Seconda giornata con due tavole rotonde e altri ospiti di peso. Fra questi Cristina Raghitta, segretaria nazionale della Filca Cisl: “Le buone pratiche nella ricostruzione sono sempre un tema che è sempre stato al cuore della Filca – sottolinea ai nostri microfoni – Lo è nel centro Italia come  in tutte le azioni di ricostruzione dopo le grandi calamità naturali. Però è chiaro che un territorio così complesso ci consegna oggi il più grande cantiere il più grande cantiere in Europa, dove oltre a ricostruire, c’è una priorità forte che è quella di dare dignità a una comunità che deve necessariamente ritornare nelle proprie case, nelle proprie terre creare e riportare i servizi essenziali. Bisogna fare tutto in fretta e fare bene,  garantendo al contempo però legalità e sicurezza legalità, sia per impedire che quei fenomeni che si sono presentati in maniera massiva in altre ricostruzioni colpiscano anche questo territorio e sicurezza, sia perché la fretta spesso non si sposa con la sicurezza. Per far sì che tutto funzioni, serve una sinergia fra tutti i soggetti coinvolti. Quello che noi abbiamo chiesto è stato quello di creare un impianto di norme che abbiamo creato, ideato, pensato, ragionato e condiviso sia con i due ultimi commissari ma anche con la struttura del Viminale per prevenire le infiltrazioni malavitore. Ci sono strumenti chiave come il Durc. la congruità e il badge di cantiere che sono nati in casa Filca e che per noi  costituiscono degli strumenti a presidio di questi che sono per noi dei pericoli gravi. Oltre a questo serve una rigorosa applicazione del contratto collettivo dell’edilizia.
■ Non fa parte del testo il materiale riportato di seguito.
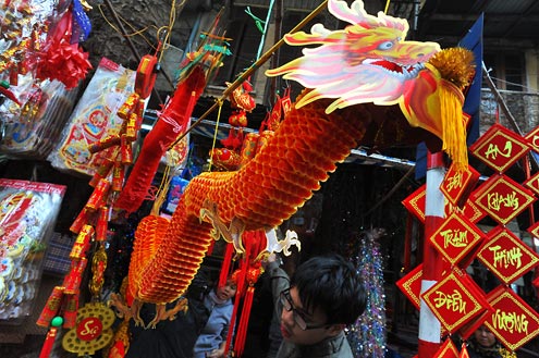 Chuẩn bị cho Tết Nhâm Thìn và ngày lễ Táo quân, sáng 14/1 đông đảo người dân đổ về các con phố Hàng Mã, Hàng Lược (Hà Nội)... để sắm đồ trang trí và bầy ban thờ.

Noi abbiamo messo a disposizione il nostro sistema, la commissione nazionale delle casse edili, che ha commissionato il badge. Il quale sarà finanziato dal sistema bilaterale e servirà a tutti, dalla prefettura alle aziende, fino al commissario. Inoltre mettiamo a disposizione le nostre squadre edili perché facciano la formazione e la facciano gratuitamente”.

Un momento della tavola rotonda con la segretaria nazionale Filca

Ricostruire fisicamente però come detto non basta. Oltre alle case c’è da ricostruire la vita delle persone: “Gli insediamenti umani – continua la segretaria – si preservano se noi siamo in grado di garantire una ricostruzione veloce. L’Appennino centrale ha un problema forte di spopolamento e questo si combatte solo col lavoro: noi possiamo anche ricostruire tutte le case, ma dobbiamo essere anche fare in modo che le istituzioni possano garantire un lavoro a chi in quelle case deve vivere, Ricostruiamo quindi badando non solo a case, chiese e monumenti, ma anche al tessuto economico”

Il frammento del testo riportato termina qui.